**EXERCISE REQUIREMENTS**. Produce the full set of records below once more, exactly as they stand.

*** DATA RECORDS

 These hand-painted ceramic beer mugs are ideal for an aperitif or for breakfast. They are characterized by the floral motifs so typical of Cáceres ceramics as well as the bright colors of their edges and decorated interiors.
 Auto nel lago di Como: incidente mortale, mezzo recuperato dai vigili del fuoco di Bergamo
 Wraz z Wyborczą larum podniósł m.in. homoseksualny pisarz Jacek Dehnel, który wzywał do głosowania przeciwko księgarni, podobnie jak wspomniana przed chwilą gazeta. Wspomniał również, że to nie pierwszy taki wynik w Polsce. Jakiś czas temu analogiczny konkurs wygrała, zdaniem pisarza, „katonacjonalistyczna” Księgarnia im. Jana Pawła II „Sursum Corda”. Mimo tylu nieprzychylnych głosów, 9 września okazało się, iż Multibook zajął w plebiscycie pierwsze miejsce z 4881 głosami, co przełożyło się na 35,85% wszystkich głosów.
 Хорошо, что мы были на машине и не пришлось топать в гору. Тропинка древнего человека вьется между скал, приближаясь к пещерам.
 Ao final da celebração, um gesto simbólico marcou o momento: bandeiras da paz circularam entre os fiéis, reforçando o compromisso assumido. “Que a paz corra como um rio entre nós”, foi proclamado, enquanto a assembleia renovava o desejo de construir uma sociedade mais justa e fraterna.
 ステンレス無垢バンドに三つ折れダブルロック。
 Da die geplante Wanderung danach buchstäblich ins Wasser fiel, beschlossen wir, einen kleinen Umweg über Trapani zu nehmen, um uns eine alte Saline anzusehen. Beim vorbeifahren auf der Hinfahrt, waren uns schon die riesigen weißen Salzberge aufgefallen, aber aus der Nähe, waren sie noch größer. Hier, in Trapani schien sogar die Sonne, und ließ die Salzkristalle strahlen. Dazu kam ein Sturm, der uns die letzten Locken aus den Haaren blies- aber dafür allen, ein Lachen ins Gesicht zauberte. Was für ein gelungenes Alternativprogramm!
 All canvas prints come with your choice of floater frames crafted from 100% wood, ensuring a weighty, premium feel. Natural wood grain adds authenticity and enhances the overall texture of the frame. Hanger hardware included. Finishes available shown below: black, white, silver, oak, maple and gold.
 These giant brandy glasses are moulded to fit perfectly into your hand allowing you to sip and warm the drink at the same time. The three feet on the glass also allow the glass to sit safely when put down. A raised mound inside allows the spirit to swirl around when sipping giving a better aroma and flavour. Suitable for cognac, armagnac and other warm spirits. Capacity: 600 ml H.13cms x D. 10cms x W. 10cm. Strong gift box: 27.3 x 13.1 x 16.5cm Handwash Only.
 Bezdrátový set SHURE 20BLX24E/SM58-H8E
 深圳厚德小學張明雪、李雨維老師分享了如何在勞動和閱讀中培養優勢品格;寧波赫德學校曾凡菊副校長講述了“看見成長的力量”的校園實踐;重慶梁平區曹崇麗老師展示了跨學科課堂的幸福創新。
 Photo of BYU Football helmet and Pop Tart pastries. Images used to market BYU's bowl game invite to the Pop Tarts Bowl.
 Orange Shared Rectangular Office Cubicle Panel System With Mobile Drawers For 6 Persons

******

**REPLY**.
 These hand-painted ceramic beer mugs are ideal for an aperitif or for breakfast. They are characterized by the floral motifs so typical of Cáceres ceramics as well as the bright colors of their edges and decorated interiors.
 Auto nel lago di Como: incidente mortale, mezzo recuperato dai vigili del fuoco di Bergamo
 Wraz z Wyborczą larum podniósł m.in. homoseksualny pisarz Jacek Dehnel, który wzywał do głosowania przeciwko księgarni, podobnie jak wspomniana przed chwilą gazeta. Wspomniał również, że to nie pierwszy taki wynik w Polsce. Jakiś czas temu analogiczny konkurs wygrała, zdaniem pisarza, „katonacjonalistyczna” Księgarnia im. Jana Pawła II „Sursum Corda”. Mimo tylu nieprzychylnych głosów, 9 września okazało się, iż Multibook zajął w plebiscycie pierwsze miejsce z 4881 głosami, co przełożyło się na 35,85% wszystkich głosów.
 Хорошо, что мы были на машине и не пришлось топать в гору. Тропинка древнего человека вьется между скал, приближаясь к пещерам.
 Ao final da celebração, um gesto simbólico marcou o momento: bandeiras da paz circularam entre os fiéis, reforçando o compromisso assumido. “Que a paz corra como um rio entre nós”, foi proclamado, enquanto a assembleia renovava o desejo de construir uma sociedade mais justa e fraterna.
 ステンレス無垢バンドに三つ折れダブルロック。
 Da die geplante Wanderung danach buchstäblich ins Wasser fiel, beschlossen wir, einen kleinen Umweg über Trapani zu nehmen, um uns eine alte Saline anzusehen. Beim vorbeifahren auf der Hinfahrt, waren uns schon die riesigen weißen Salzberge aufgefallen, aber aus der Nähe, waren sie noch größer. Hier, in Trapani schien sogar die Sonne, und ließ die Salzkristalle strahlen. Dazu kam ein Sturm, der uns die letzten Locken aus den Haaren blies- aber dafür allen, ein Lachen ins Gesicht zauberte. Was für ein gelungenes Alternativprogramm!
 All canvas prints come with your choice of floater frames crafted from 100% wood, ensuring a weighty, premium feel. Natural wood grain adds authenticity and enhances the overall texture of the frame. Hanger hardware included. Finishes available shown below: black, white, silver, oak, maple and gold.
 These giant brandy glasses are moulded to fit perfectly into your hand allowing you to sip and warm the drink at the same time. The three feet on the glass also allow the glass to sit safely when put down. A raised mound inside allows the spirit to swirl around when sipping giving a better aroma and flavour. Suitable for cognac, armagnac and other warm spirits. Capacity: 600 ml H.13cms x D. 10cms x W. 10cm. Strong gift box: 27.3 x 13.1 x 16.5cm Handwash Only.
 Bezdrátový set SHURE 20BLX24E/SM58-H8E
 深圳厚德小學張明雪、李雨維老師分享了如何在勞動和閱讀中培養優勢品格;寧波赫德學校曾凡菊副校長講述了“看見成長的力量”的校園實踐;重慶梁平區曹崇麗老師展示了跨學科課堂的幸福創新。
 Photo of BYU Football helmet and Pop Tart pastries. Images used to market BYU's bowl game invite to the Pop Tarts Bowl.
 Orange Shared Rectangular Office Cubicle Panel System With Mobile Drawers For 6 Persons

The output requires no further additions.